Unsafe and custom topic detection

AI Security for Apps (formerly Firewall for AI) can detect when an LLM prompt touches on unsafe or unwanted subjects. There are two layers of topic detection:

Default unsafe topics — A built-in set of safety categories that detect harmful content such as violent crimes, hate speech, and sexual content.
Custom topics — Topics you define to match your organization's specific policies, such as "competitors" or "financial advice".

Default unsafe topics

When AI Security for Apps is enabled, it automatically evaluates prompts against a set of default unsafe topic categories and populates two fields:

LLM Unsafe topic detected (cf.llm.prompt.unsafe_topic_detected) — true if any unsafe topic was found.
LLM Unsafe topic categories (cf.llm.prompt.unsafe_topic_categories) — An array of the specific categories detected.

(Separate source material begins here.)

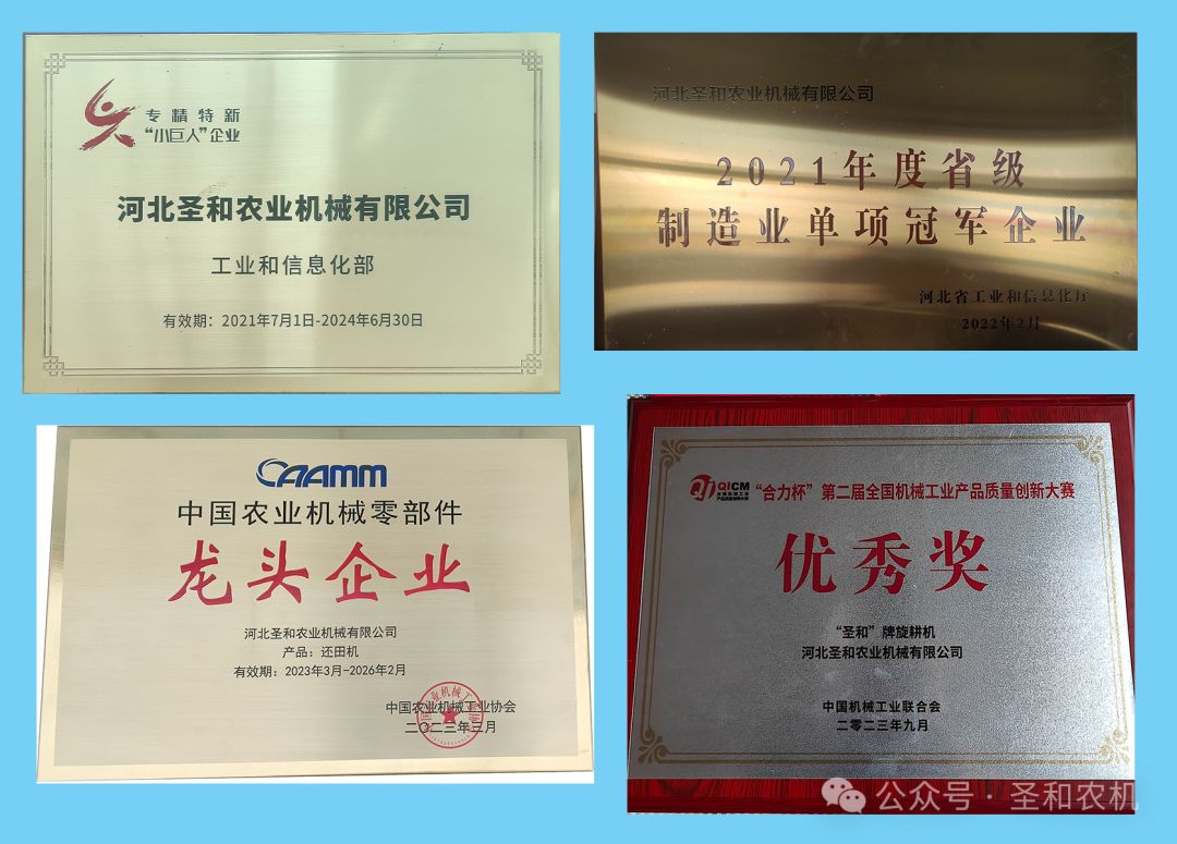 公司被授予國家級專精特新“小巨人”企業、河北省“專精特新”示范企業、河北省耕作機械技術創新中心依托單位、省級制造業單項冠軍企業、河北省首批縣域特色產業集群“領跑者”企業名單。身處行業當中,圣和公司積極參與和承擔行業、協會等發起各項產品的標準起草編寫工作,推動了行業發展。

Default unsafe topic categories

Category	Description
`S1`	Violent crimes
`S2`	Non-violent crimes
`S3`	Sex-related crimes
`S4`	Child sexual exploitation
`S5`	Defamation
`S6`	Specialized advice
`S7`	Privacy
`S8`	Intellectual property
`S9`	Indiscriminate weapons
`S10`	Hate
`S11`	Suicide and self-harm
`S12`	Sexual content
`S13`	Elections
`S14`	Code interpreter abuse

Example rules — default unsafe topics

Block any prompt with unsafe content

When incoming requests match:

Field Operator Value
LLM Unsafe topic detected equals True

Expression when using the editor:
(cf.llm.prompt.unsafe_topic_detected)
Action: Block

Field	Operator	Value
LLM Unsafe topic detected	equals	True

Block only specific unsafe categories

When incoming requests match:

Field Operator Value
LLM Unsafe topic categories is in S1: Violent Crimes S10: Hate

Expression when using the editor:
(any(cf.llm.prompt.unsafe_topic_categories[*] in {"S1" "S10"}))
Action: Block

Field	Operator	Value
LLM Unsafe topic categories	is in	`S1: Violent Crimes` `S10: Hate`

Custom topics

Custom topic detection lets you define your own topics and AI Security for Apps will score each prompt against them. You can then use these scores in custom rules or rate limiting rules to block, challenge, or log matching requests.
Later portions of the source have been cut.